As with the previous work by Qin et al. (2018), we correct for this problem by modifying the magnitude limit used in the Malmquist bias correction/normalization of each galaxy's PDF. By iterating, a magnitude limit of J < 13.38 was found to produce binned Hubble parameters that are flat with redshift while also substantially reducing the difference between the adjusted and measured bulk flows. The results of applying this limit to the mocks and data are shown in Figures 4 and 5. The small differences between the optimal value found here and that used in Qin et al. (2018) are likely the result of the more rigorous calculation of the normalization using numerical integration adopted in this work.
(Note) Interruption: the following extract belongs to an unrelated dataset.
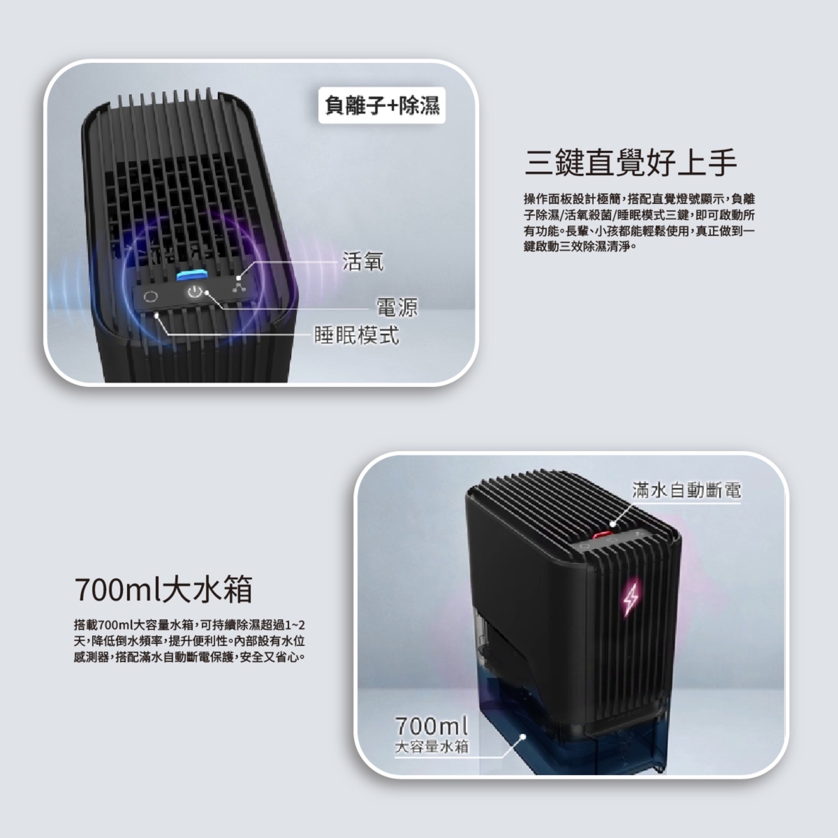 • 水箱容量: 700ml(水滿警示+自動斷電)

We believe this recalibration to be robust and so use the updated 6dFGSv data in Cosmicflows-4. The source of the discrepancy between the magnitude limit used to construct the simulations and the optimal value found for the Malmquist bias correction is unclear, but indicates a discrepancy between the best-fit 6dFGSv FP (from which the simulation apparent magnitudes are derived) and the assumed magnitude limit of the data. It is not inconceivable that the true magnitude limit of the 6dFGSv data is in reality brighter than the nominal selection function, particularly in light of the other aspects of the sample selection required to go from the 2MASS photometry and 6dFGS spectra to the FP sample, and then again to the peculiar velocity sample. However, there may be more to the picture. A preferable solution would be to perform a joint fit for the FP parameters and peculiar velocities simultaneously, again validated against simulations; however, such an analysis is beyond the scope of the current work.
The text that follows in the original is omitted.